EXERCISE MATERIALS Start Marker

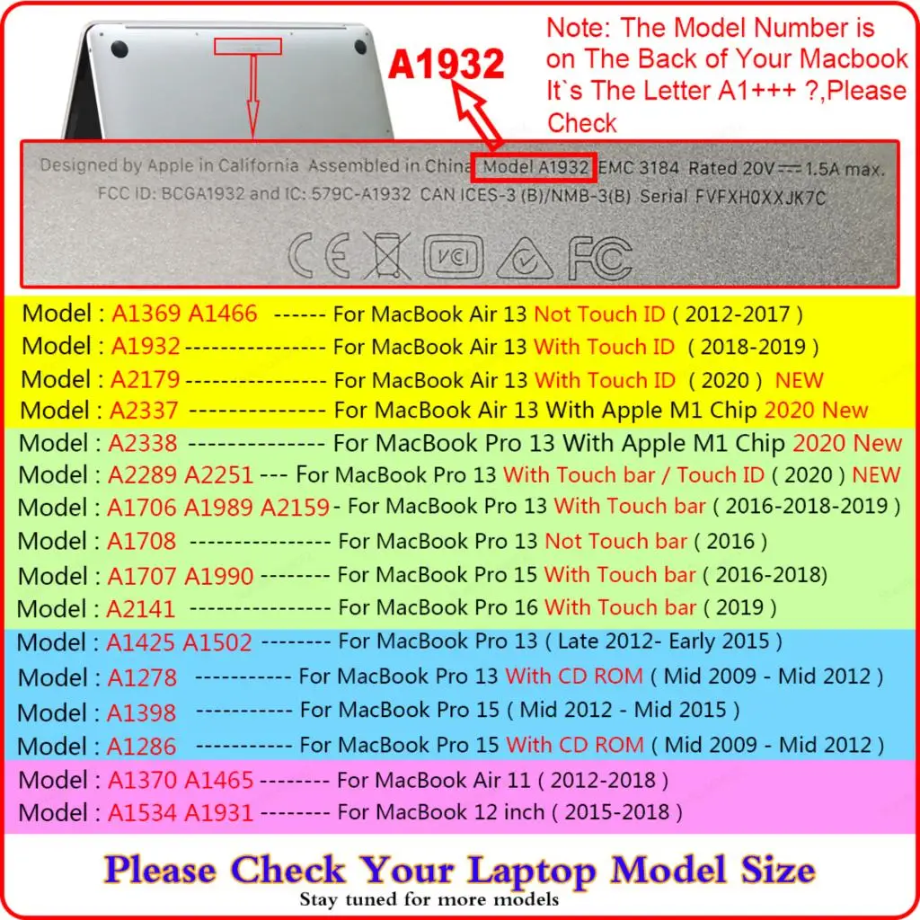 Чехол для ноутбука MacBook Touch ID 2020 M1 Air 13 A1932 A2179 для ...
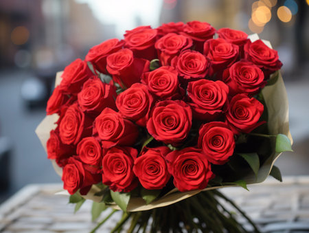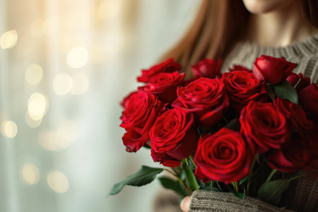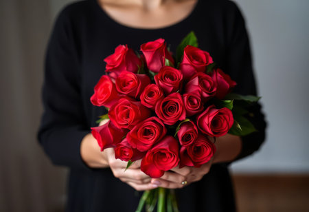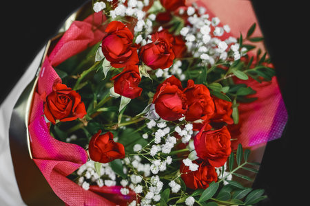 A bouquet of red roses: a touch of love in a modern style, Valentine's Day concept or Women's Day
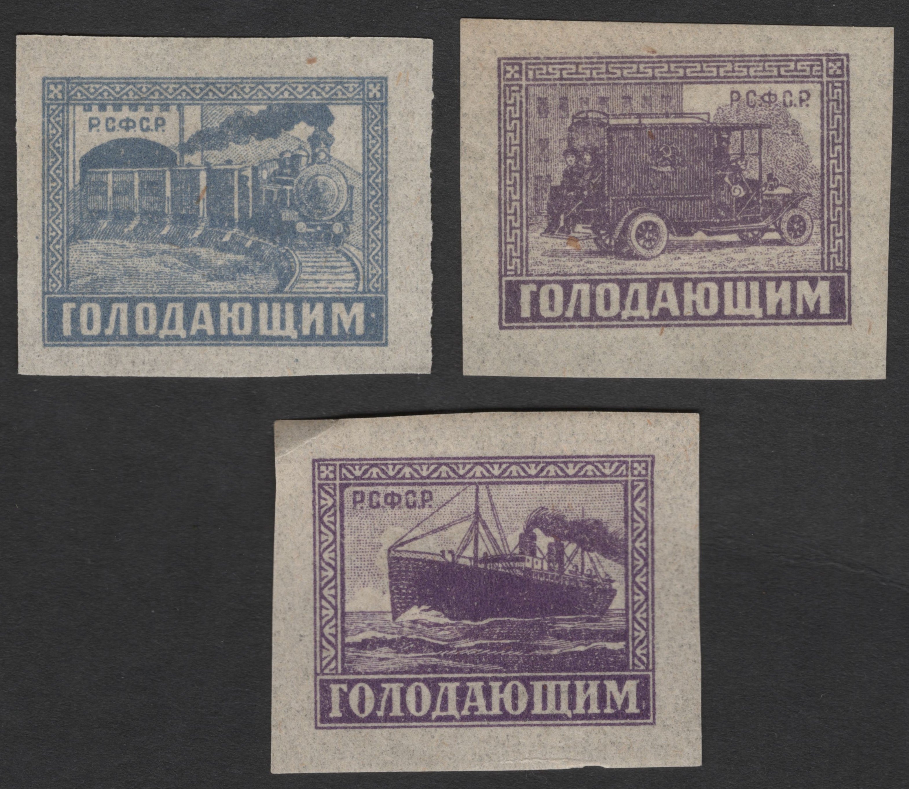 Scg1788 - russia 1921 rsfsr famine relief charity labels – transport series (set of 3)
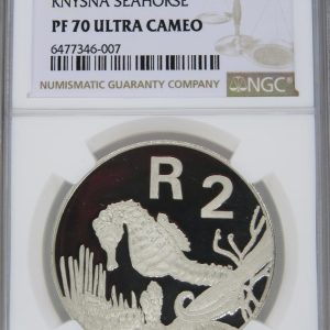Lot 22: South Africa: Republic Silver R2 “Knysna Sea Horse” of 1997 Proof 70 NGC.
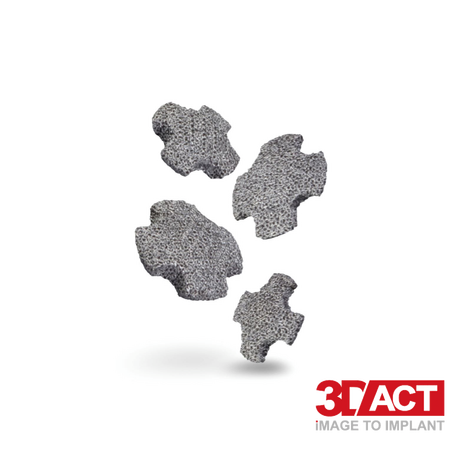 3D ACT髋臼垫片(Disk Augment)”四叶草”型设计,有不同的直径和厚度。整体为高孔隙率多孔结构。3D ACT髋臼垫片主要用于髋臼内壁骨缺损的封闭和重建,可以为髋臼杯提供内侧支撑。

EXERCISE MATERIALS End Marker

**EXERCISE GOAL:** Could you print the listing above word for word, without its pictures?

**SOLUTION:**
 Чехол для ноутбука MacBook Touch ID 2020 M1 Air 13 A1932 A2179 для ...
 A bouquet of red roses: a touch of love in a modern style, Valentine's Day concept or Women's Day
 Scg1788 - russia 1921 rsfsr famine relief charity labels – transport series (set of 3)
Lot 22: South Africa: Republic Silver R2 “Knysna Sea Horse” of 1997 Proof 70 NGC.
 3D ACT髋臼垫片(Disk Augment)”四叶草”型设计,有不同的直径和厚度。整体为高孔隙率多孔结构。3D ACT髋臼垫片主要用于髋臼内壁骨缺损的封闭和重建,可以为髋臼杯提供内侧支撑。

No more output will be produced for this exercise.